Nonetheless, he knew that the tale he had to tell could not be one of final victory. It could be only the record of what had had to be done, and what assuredly would have to be done again in the never ending fight against terror and its relentless onslaughts, despite their personal afflictions, by all who, while unable to be saints but refusing to bow down to pestilences, strive their utmost to be healers.

-- A. Camus, 1948 1

Background Information

The nation's capacity to respond to biothreat agents depends on the ability of first responders, clinicians, and public health officials to detect, manage, and communicate during a bioterrorist event.2-6 These first responders (e.g., emergency medical technicians, firemen, policemen, and hazard materials professionals), clinicians (e.g., physicians, nurses, nurse practitioners and respiratory therapists), and public health officials (local, state, national and international) will require substantial resources as well as appropriate information technologies and decision support systems (IT/DSSs) to perform their jobs effectively in response to a bioterrorist attack.2-6

The morbidity and mortality that may result from a poorly prepared health care system responding to a bioterrorist attack have been well described.7, 8 In 2 recent simulations, 9 and perhaps most dramatically in the descriptions of 2 actual vulnerability tests performed during the U.S. offensive bioweapons program, 10 the need for ITs for detection, diagnosis, management, prevention, surveillance, reporting, and communication during a bioterrorism event was deemed paramount.

An exercise called TOPOFF, designed to test the readiness of top officials of the government to respond to terrorist attacks, was conducted by the U.S. Department of Justice in response to a request by the U.S. Congress to "assess the Nation's crisis and consequence management capacity under extraordinarily stressful conditions." 9 The exercise, which took place in May 2000 at a cost of $3 million, simulated a chemical weapons event in Portsmouth, New Hampshire, a radiological event in the Washington, D.C. area, and a release of an aerosol of Yersinia pestis in Denver, Colorado. 9 The officials participating in this exercise included: county, state, and federal public health officials; emergency physicians; emergency management professionals; and infection control professionals. 9 Significant difficulties were experienced during the exercise including clear identification of the crisis management leaders and decision makers, distribution of resources such as antibiotics from the National Pharmaceutical Stockpile, determination of best methods for the prevention of the spread of disease, and inadequate management of crisis situations that resulted from hospitals running out of beds, supplies, and personnel. 9 The primary means of communication during the exercise was via conference calls. 9 At times nearly 100 people, many of whom had no prior working relationships, were on the conference calls trying to participate in the decision-making process. 9 ITs would have facilitated many of the decision-making processes during this exercise. In particular, IT/DSSs could have been used for the rapid diagnosis of people seeking medical attention; for the management of cases including isolation, treatment, and maintenance of personal safety among clinicians; and for communication among all participating organizations.

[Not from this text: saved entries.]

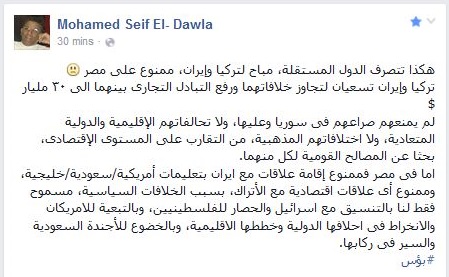 وقال “سيف الدولة” في تعليقه: “إن مصر ممنوعة من إقامة علاقات خارجية، بتعليمات دولية، وغير مسموح لها إلا بالتنسيق مع إسرائيل وحصار الفلسطينيين”.
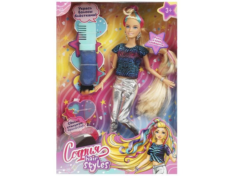 Суперстильная София одета в блестящие зауженные брючки и яркую футболку, образ дополняют крупные серьги и часы. Одежду и аксессуары легко снять и надеть. С такой модной куклой девочке будет интересно и весело играть: благодаря тому, что руки и ноги куклы подвижны, им можно придать любое положение. У Софии длинные волосы, которые хозяйка куклы сможет заплетать в разные причёски. Наличие дополнительных аксессуаров в наборе сделает игры с куклой более разнообразными и интересными.
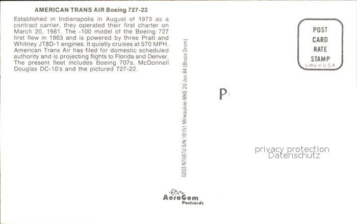 Flugzeuge Zivil American Trans Air Boeing 727-22 postalisch nicht gelaufen Erhaltung siehe scans
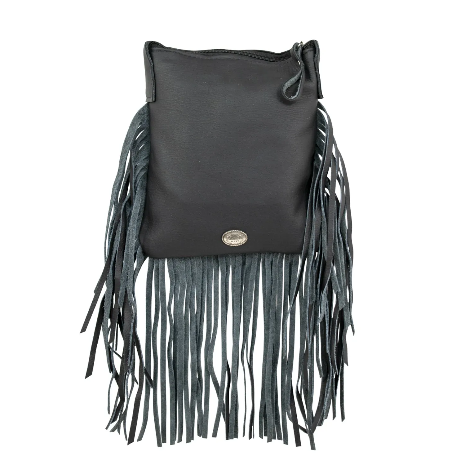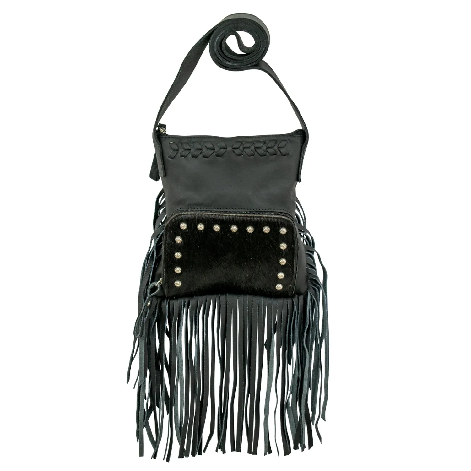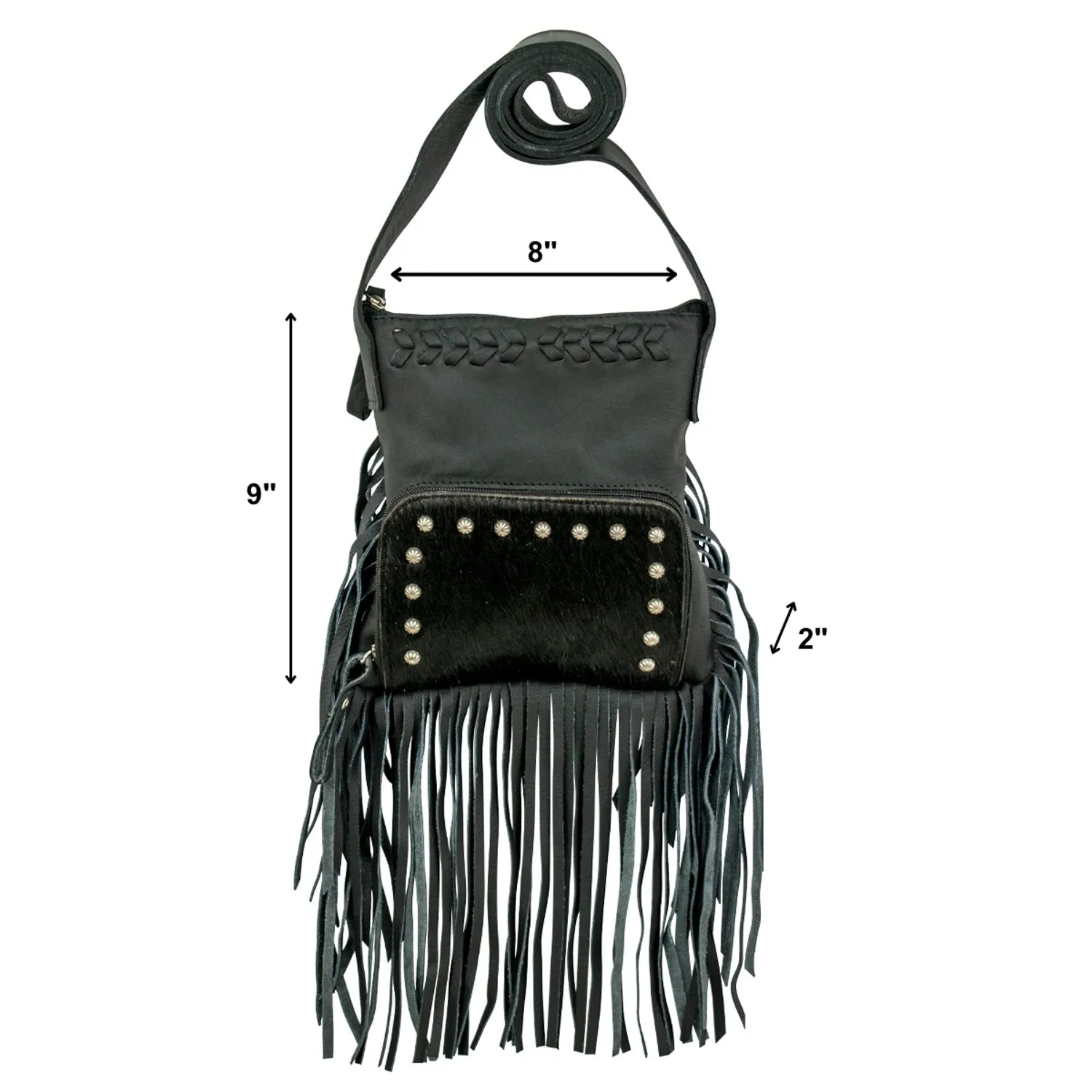 American West Womens Fringed Cowgirl 8in Black Hair-On Leather Crossbody Bag
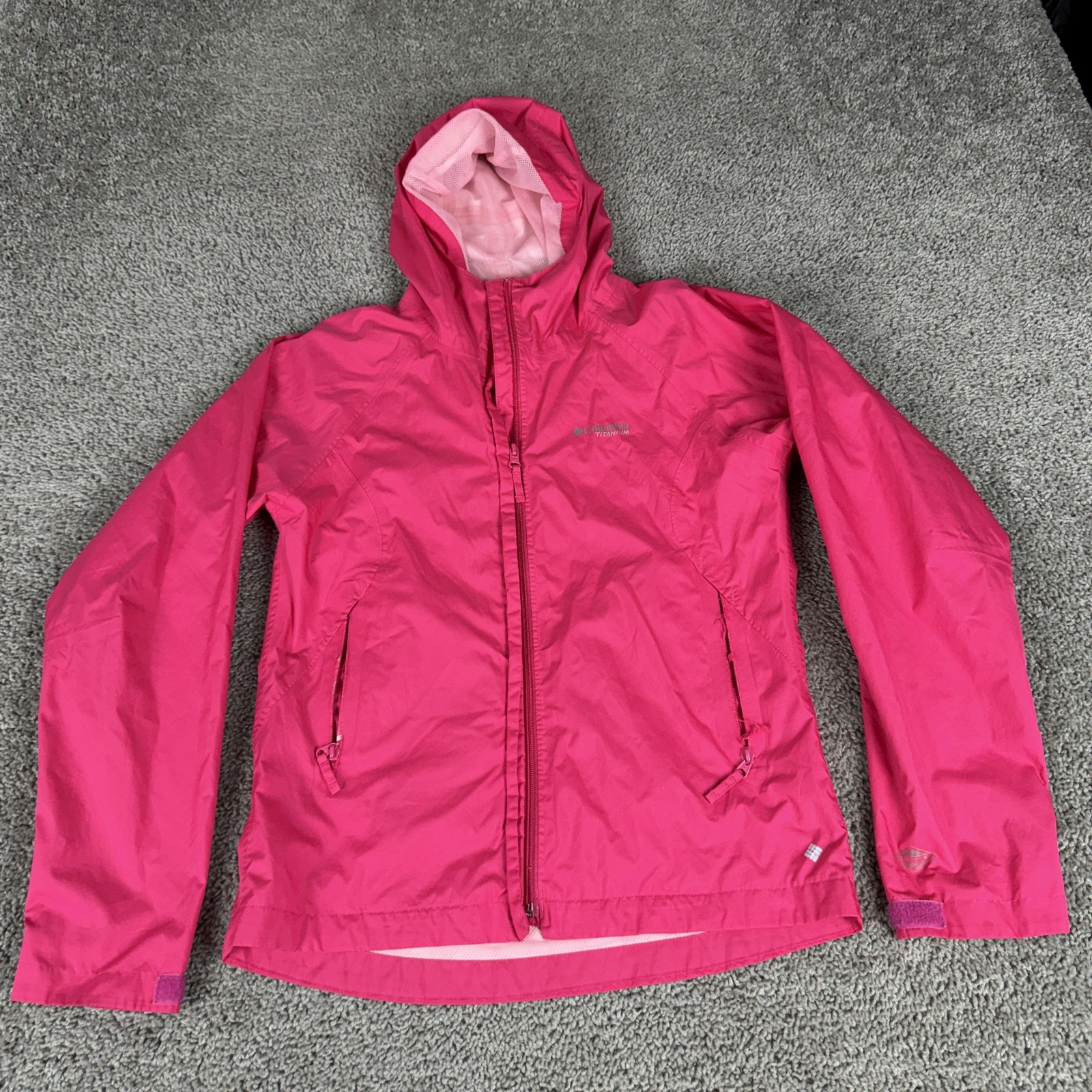 как выглядит Columbia Jacket Girls 18/20 Pink Hooded Titanium Omni-Tech Windbreaker Full Zip фото
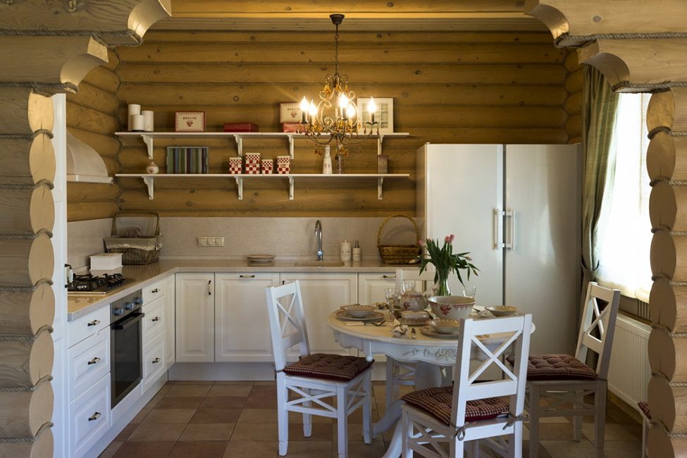 Если вы еще не определились, каким хотите видеть интерьер вашего деревянного дома, стоит посмотреть фотографии готовых интерьеров гостиных, кухонь и спален.
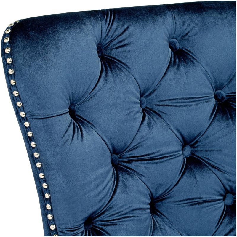 • Blue velvet fabric with hand-crafted button tufting details. Chrome finish nailhead trim.
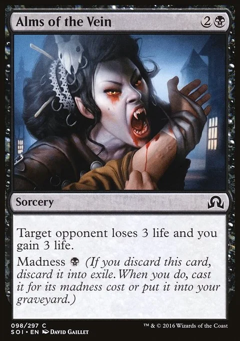 Target opponent loses 3 life and you gain 3 life. Madness {B} (If you discard this card, discard it into exile. When you do, cast it for its madness cost or put it into your graveyard.)

In the Dark Winter exercise, held at Andrews Air Force Base on June 22-23, 2001, former senior government officials played the roles of National Security Council members and representatives from the media portrayed journalists during a response to an evolving smallpox epidemic. 11 The scenario presented in this exercise culminated in the infection of thousands of patients, death of hundreds, and generalized civil disorder. 11 The Dark Winter exercise emphasized the lack of surge capability in U.S. hospitals, public health systems, and vaccine and pharmaceutical industries. 11 Additionally, Dark Winter highlighted the lack of adequate communication systems among clinicians, public health organizations, and the media. The resulting poor communication contributed to the chaos and perception that public health officials had lost control of the situation. 11 Ideally, public health officials would have predicted the information needs of clinicians, first responders, and the public, and utilized existing relationships with the media to communicate critical information in a timely manner. Instead, the media, with a 24-hour news cycle, provided ongoing coverage of the outbreak in a manner fairly disconnected from public health officials. 11

In 1950, several dissemination experiments were carried out in the San Francisco Bay area. 12 In one experiment, a naval vessel sprayed Bacillus globigii (a harmless simulant commonly used in bioterrorism experiments because of its morphologic similarity to Bacillus anthracis) in a 2-mile long line, approximately 2 miles offshore. 12 Collection devices in downtown San Francisco demonstrated concentrations of more than 10,000 spores per liter, sufficient to have caused infections among more than 60 percent of the population. 12 The Berkeley area was also contaminated, but at a much lower level. 12

In another dissemination experiment in1965, light bulbs filled with B. globigii were dropped from the back of New York City subway trains onto the tracks. 12 The trains ran over the organisms, creating aerosols that were carried throughout the subway system. 12 Collection devices demonstrated B. globigii in "high concentration for 60 to 90 minutes in all trains tested." 12 Given that the average subway user in 1965 spent 8 minutes on the trains during rush hour, it is estimated that 80 to 90 percent of the passengers would have become infected. 12

Unlike the TOPOFF and Dark Winter exercises, in which the release of a biothreat agent was known, these latter 2 dissemination experiments simulated a covert bioterrorist attack. They emphasized the need for environmental detection systems in locations thought to be possible targets (e.g., subways, airports, government buildings, and large entertainment venues). They also highlighted the need for robust surveillance systems capable of timely detection of a bioterrorist attack. The bioterrorism exercises and the dissemination experiments demonstrated the potential vulnerabilities of the civilian population to a bioterrorist attack and emphasized the necessity for thoughtful preparedness and response planning for both covert and announced release of biothreat agents.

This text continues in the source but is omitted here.